Editorial
Feds should abandon planned delisting in Lower 48
The Register-Guard, Michigan
The recovery of the gray
wolf is a success story that illustrates the effectiveness of the
federal Endangered Species Act. But the Obama administration fails to
see that it’s a story whose final chapters have yet to be penned.
The Los Angeles Times reported
Friday that federal authorities intend to remove endangered species
protection for nearly all gray wolves in the Lower 48 states. A draft
rule, expected to be announced shortly and finalized within a year,
would hand over the management of wolf populations to state wildlife
agencies.
Federal officials insist that the
approximately 5,000 wolves in the Northern Rockies and Great Lakes
region are enough to prevent extinction. But that conclusion ignores
warnings from scientists and conservationists that the wolves’ numbers
have not reached sustainable levels and that the agency’s analysis of
wolf subspecies and habitat is flawed.
Those same critics challenged the
federal government’s decision two years ago to withdraw Endangered
Species Act protection in the Northern Rockies, Eastern Oregon and
Eastern Washington and give the job of wolf management to the states.

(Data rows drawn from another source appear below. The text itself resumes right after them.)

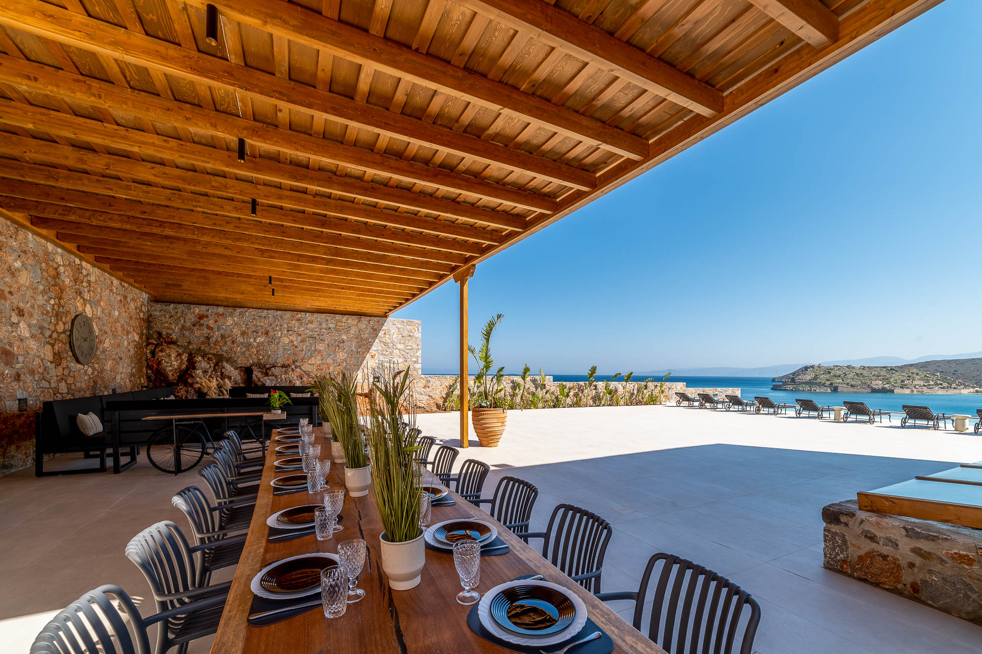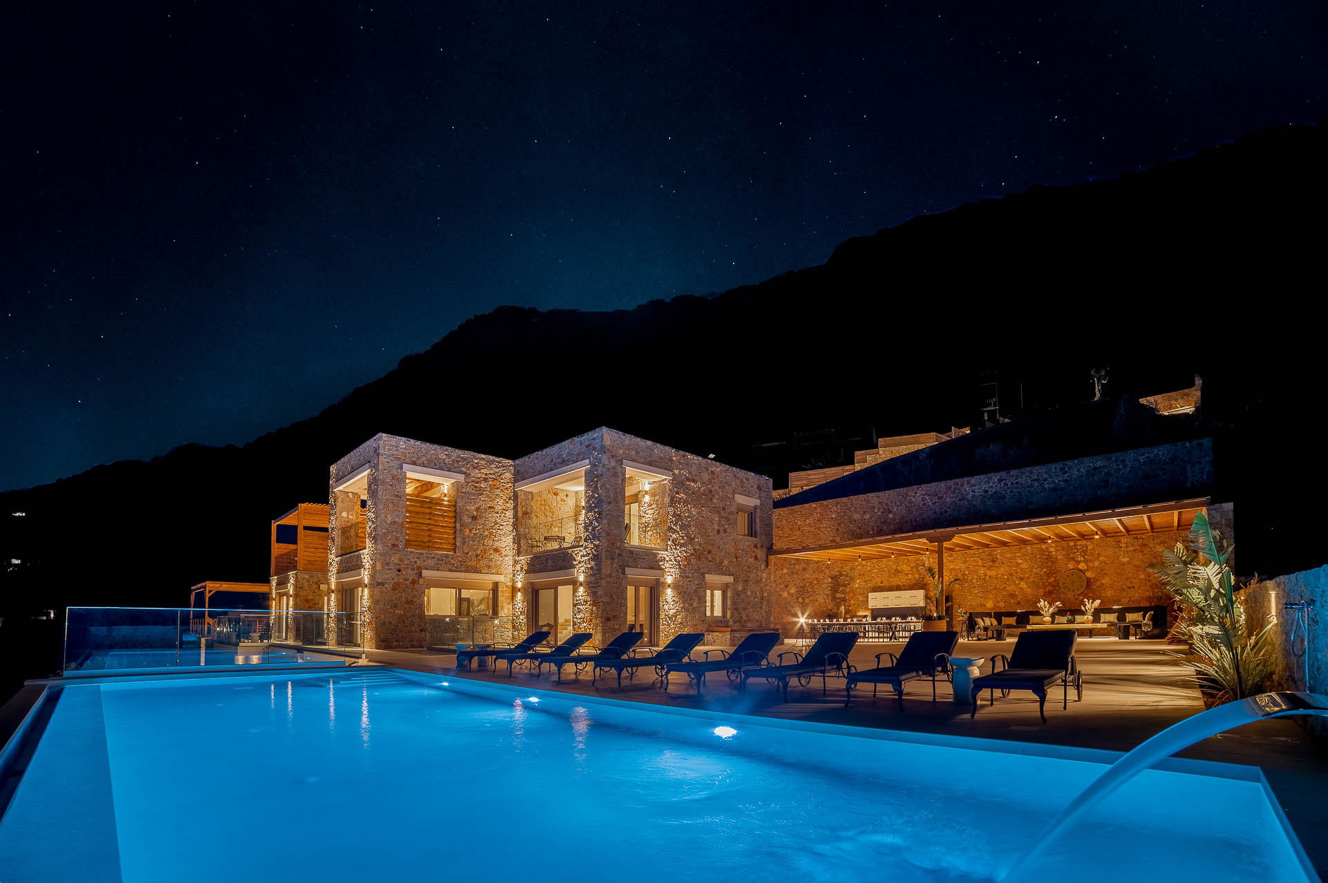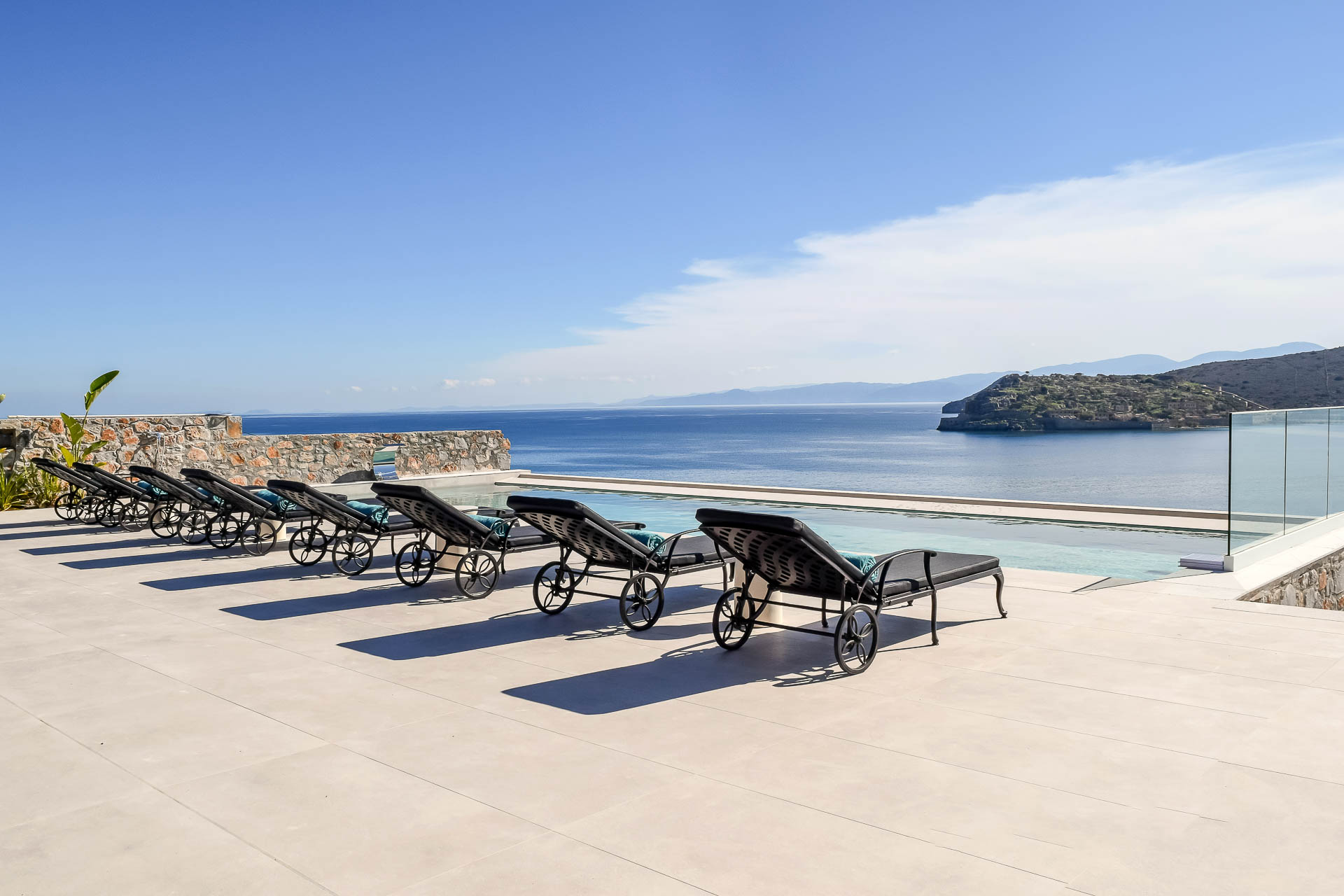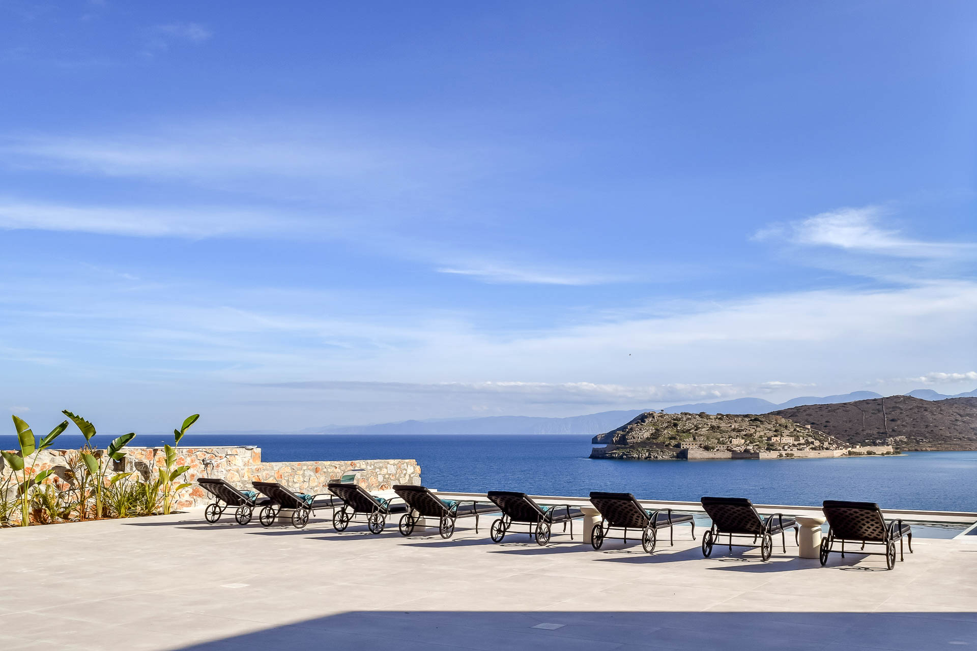 Villa Spinalonga is on a rocky slope overlooking the Aegean Sea and Spinalonga Islet, distributed over three layers, offering captivating views from every edge. The villa includes 10 bedrooms with ensuite bathrooms, 3 living and 2 dining areas, 3 kitchens (indoors and outdoors), a fully equipped fitness area (gym, massage room, sauna, 2 Jacuzzis), and an elevator! So, 20 guests can enjoy this truly luxurious and tranquil residence of 745 sqm!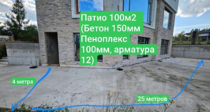 Вокруг дома выполнены бетонные архитектурные формы патио 100 м2, лестницы 2шт , парковки на 5 машина мест, входная группа.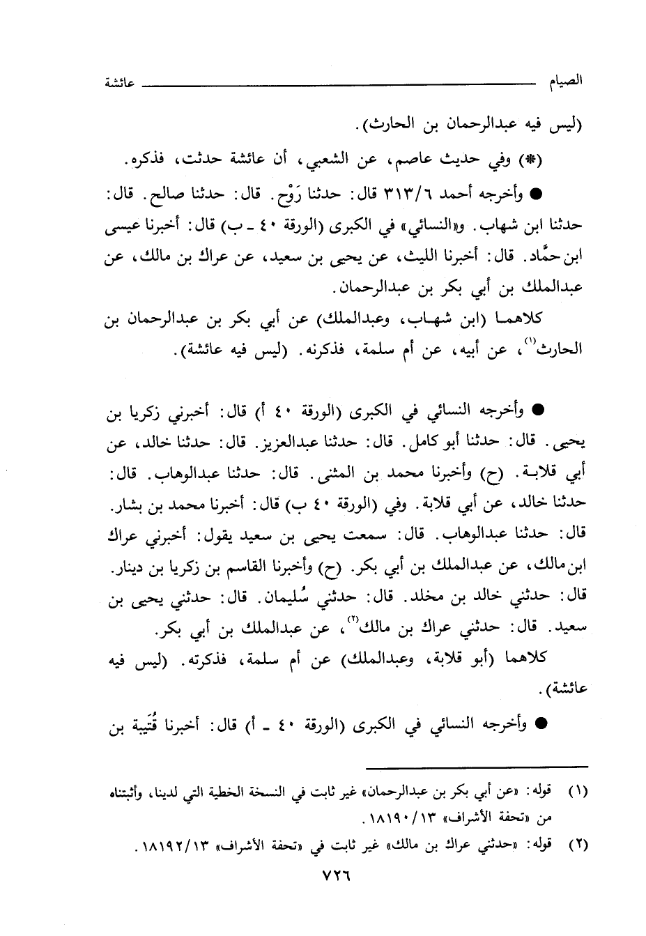 - واخرجه النسائي في "الكبرى" (الورقة ٤٠ ا) قال: اخبرني زكريا بن يحيى. قال: حدثنا أبو كامل. قال: حدثنا عبد العزيز. قال: حدثنا خالد، عن ابي قلابة (ح) واخبرنا محمد بن المثنى. قال: حدثنا عبد الوهاب. قال: حدثنا خالد، عن ابي قلابة. وفي (الورقة ٤٠ ب) قال: اخبرنا محمد بن بشار. قال: حدثنا عبد الوهاب. قال: سمعت يحيى بن سعيد يقول: اخبرني عراك بن مالك، عن عبد الملك بن ابي بكر (ح) واخبرنا القاسم بن زكريا بن دينار. قال: حدثني خالد بن مخلد. قال: حدثني سُليمان. قال: حدثني يحيى بن سعيد. قال: حدثني عراك بن مالك، عن عبد الملك بن ابي بكر.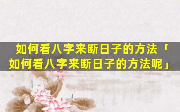 如何根 🐧 据八字断 🦢 日子 🐼 的方法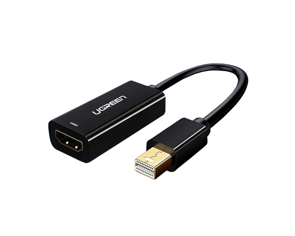 Ugreen MD112 10461 адаптер с mini DisplayPort (мъжки) и HDMI (женски) конектори с Full HD 1080p резолюция на бял фон

Since that delisting, more than a thousand wolves have been killed in
sanctioned hunts, including 422 wolves last year in Idaho alone.
Now, the Fish and Wildlife Service is
considering removing protections in the protected areas that remain.
Yet the wolves are just beginning to get a foothold in Western Oregon,
Washington, Utah and Colorado, and it’s too early to end federal
protection in those areas.
The Fish and Wildlife Service is
under intense pressure from ranchers, hunters and some federal and state
officials to remove the remaining protections. As Jamie Rappaport
Clark, the former director of the Fish and Wildlife Service and now the
president of Defenders of Wildlife, notes, the agency’s latest delisting
decision “reeks of politics.”
Wolves were once abundant in the West
before white settlers arrived. But they were hunted nearly to
extinction — and were wiped out entirely in Oregon — before a small
number were reintroduced in Yellowstone National Park and in central
Idaho in the mid-1990s. Under federal protection, the animals thrived.
At least 1,600 wolves now populate the northern Rockies, although last
year the population fell by an alarming 7 percent, primarily because of
the 2011 delistings and the recreational hunting that resulted.
Sally Jewell, the new secretary of
the Interior, should take a hard look at the Fish and Wildlife Agency’s
decision, and pull the plug on the proposed delisting. Gray wolves need
more time to find their balance and build strong, genetically healthy
populations that can endure for many years to come.